Where was our famous Russian hospitality?
To the question, "What did you do in the summer?" the grasshopper could only reply, "I sang all the time."
At this answer the teacher, Kapitonitch, waved his bow and his fiddle at one and the same time—oh, that was an effect rehearsed long before that evening I—and suddenly in a mysterious half-whisper the whole choir began to sing:
"You've sung your song, you call that doing, You've sung all the summer, then dance all the winter, You've sung your song, then dance all the winter, Dance all the winter, dance all the winter. You've sung the song, then dance the dance."I confess that my hair stood on end as if each individual hair were made of glass, and it seemed to me as if the eyes of the children and of the peasants packing the schoolroom were all fixed on me as if repeating that d——d phrase:
"You've sung the song, you call that doing, You've sung the song, then dance the dance."I don't know how long this drone of evil boding and sinister recitation went on. But I remember clearly that during those minutes an appalling idea went through my brain. "Here we stand," thought I, "a little band of intelligentsia, face to face with an innumerable peasantry, the most enigmatical, the greatest, and the most abased people in the world. What connects us with them? Nothing. Neither language, nor religion, nor labour, nor art. Our poetry would be ridiculous to their ears, absurd, incomprehensible. Our refined painting would be simply useless and senseless smudging in their eyes. Our quest for gods and making of gods would seem to them stupidity, our music merely a tedious noise. Our science would not satisfy them. Our complex work would seem laughable or pitiful to them, the austere and patient labourers of the fields. Yes. On the dreadful day of reckoning what answer shall we give to this child, wild beast, wise man, and animal, to this many-million-headed giant?" We shall only be able to say sorrowfully, "We sang all the time. We sang our song."
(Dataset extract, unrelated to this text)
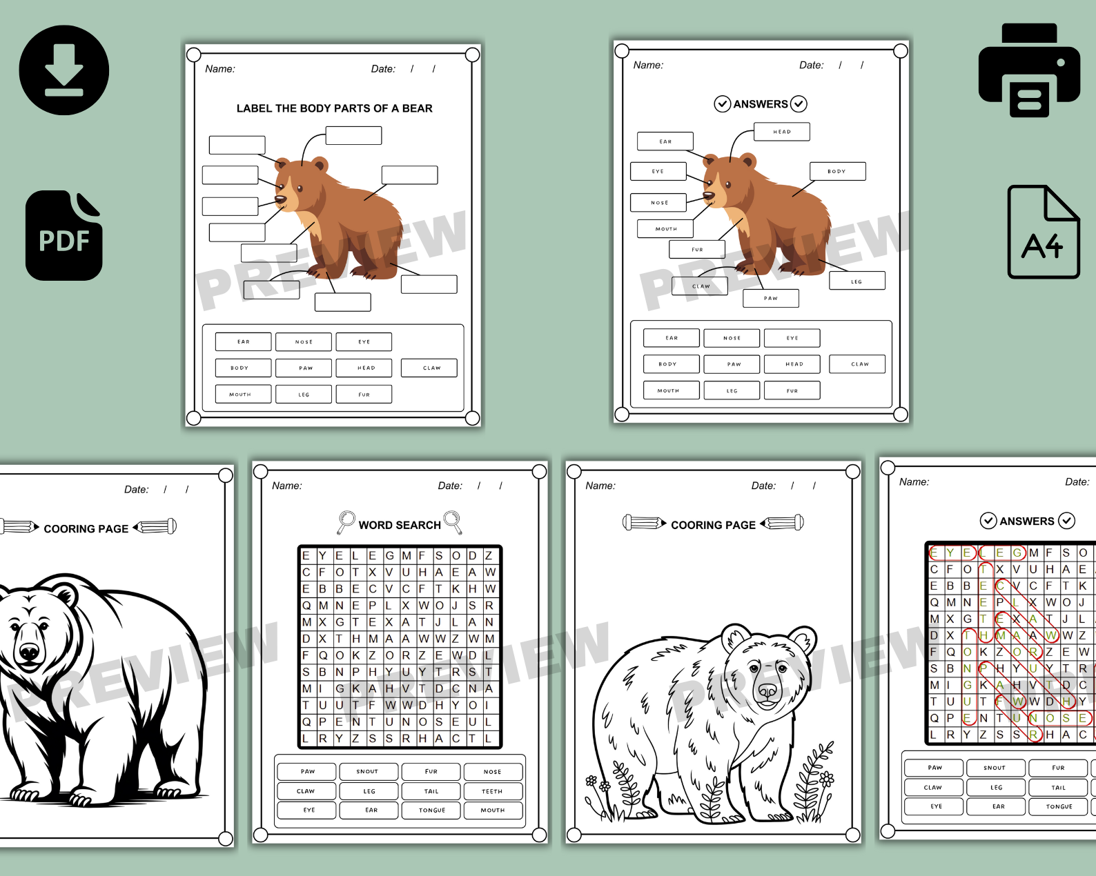Bear Body Parts Labeling Coloring Word Search Wildlife Forest

And he will reply with an artful peasant smile, "Then go and dance the dance."
And I know that my companions felt as I did. We went out of the entertainment-room silent, not exchanging opinions.
Three days later we said good-bye, and since that time have been rather cold towards one another. We had been suddenly chilled in our consciences and made ashamed, as if these innocent mouths of sleepy children had pronounced death sentence upon us. And when I returned from the post of Ivan Karaulof to Goreli, and from Goreli to Koslof, and from Koslof to Zintabrof, and then further by railroad there followed me all the time that ironical, seemingly malicious phrase, "Then dance the dance."
God alone knows the destiny of the Russian people.... Well, I suppose, if it should be necessary, we'll dance it!
I travelled a whole night to the railway station.
On the bare frosted branches of the birches sat the stars, as if the Lord Himself had with His own hands decorated the trees. And I thought, "Yes, it's beautiful." But I could not banish that ironical thought, "Then dance the dance."